# [TASK DETAILS]
Write the listing out again exactly as it stands, with no images.

----- DATASET EXCERPT

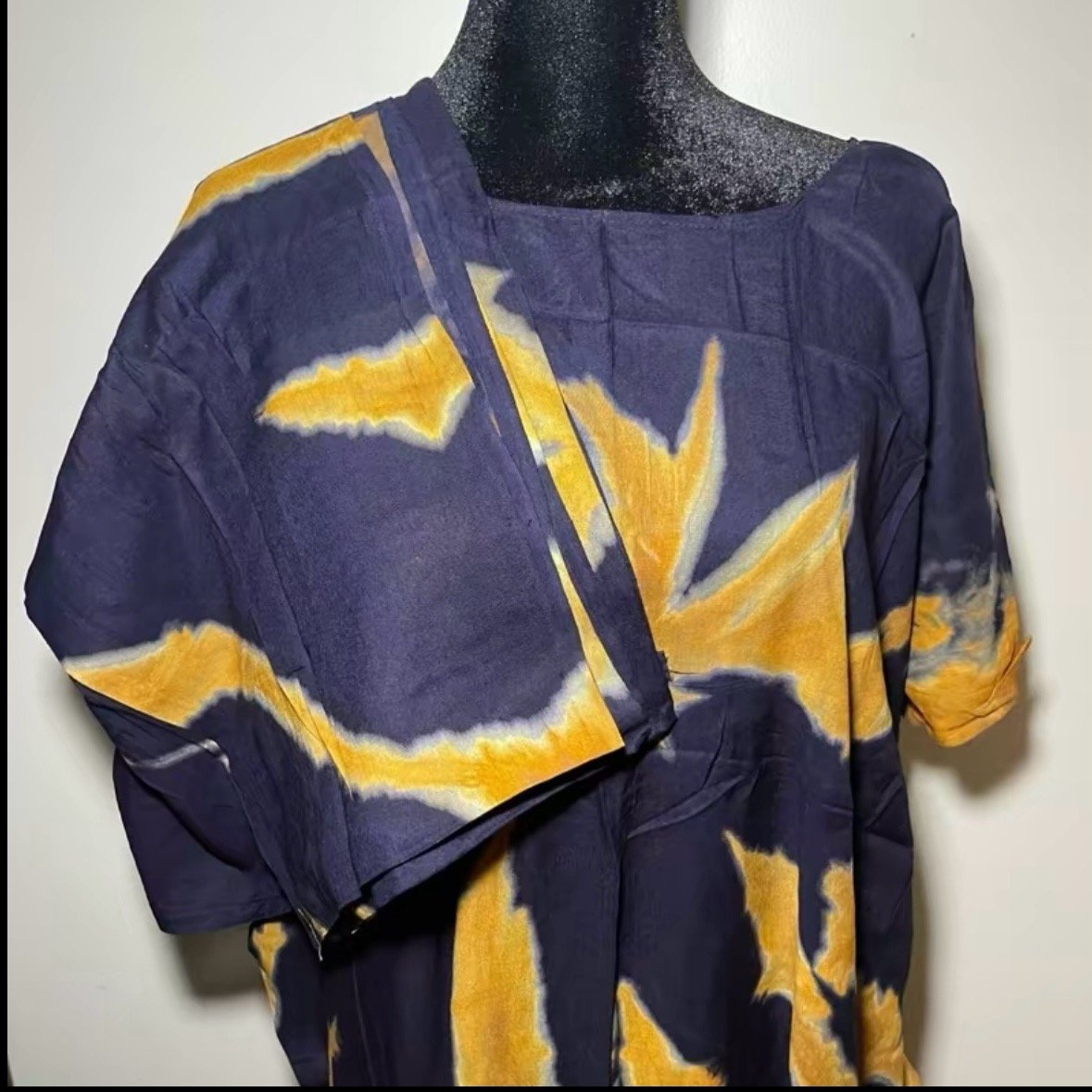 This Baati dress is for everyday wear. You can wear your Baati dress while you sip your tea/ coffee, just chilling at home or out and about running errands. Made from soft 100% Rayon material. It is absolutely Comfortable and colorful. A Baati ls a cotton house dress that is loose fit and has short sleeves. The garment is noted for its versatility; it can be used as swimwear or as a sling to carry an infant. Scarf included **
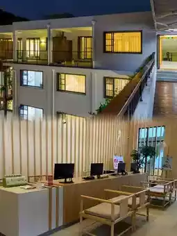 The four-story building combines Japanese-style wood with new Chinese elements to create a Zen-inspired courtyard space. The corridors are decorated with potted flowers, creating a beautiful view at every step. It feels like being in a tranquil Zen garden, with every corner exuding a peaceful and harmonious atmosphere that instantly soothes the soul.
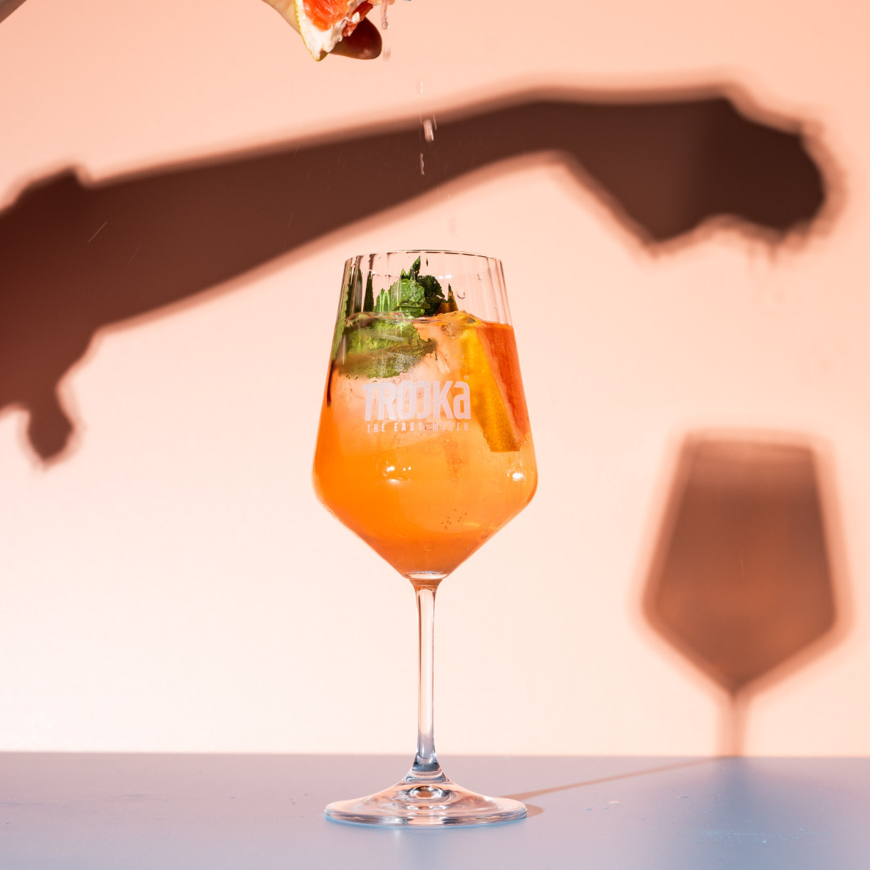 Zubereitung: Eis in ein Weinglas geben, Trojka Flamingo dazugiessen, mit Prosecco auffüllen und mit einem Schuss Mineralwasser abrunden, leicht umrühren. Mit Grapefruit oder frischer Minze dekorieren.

----------

# [RESPONSE]
 This Baati dress is for everyday wear. You can wear your Baati dress while you sip your tea/ coffee, just chilling at home or out and about running errands. Made from soft 100% Rayon material. It is absolutely Comfortable and colorful. A Baati ls a cotton house dress that is loose fit and has short sleeves. The garment is noted for its versatility; it can be used as swimwear or as a sling to carry an infant. Scarf included **
 The four-story building combines Japanese-style wood with new Chinese elements to create a Zen-inspired courtyard space. The corridors are decorated with potted flowers, creating a beautiful view at every step. It feels like being in a tranquil Zen garden, with every corner exuding a peaceful and harmonious atmosphere that instantly soothes the soul.
 Zubereitung: Eis in ein Weinglas geben, Trojka Flamingo dazugiessen, mit Prosecco auffüllen und mit einem Schuss Mineralwasser abrunden, leicht umrühren. Mit Grapefruit oder frischer Minze dekorieren.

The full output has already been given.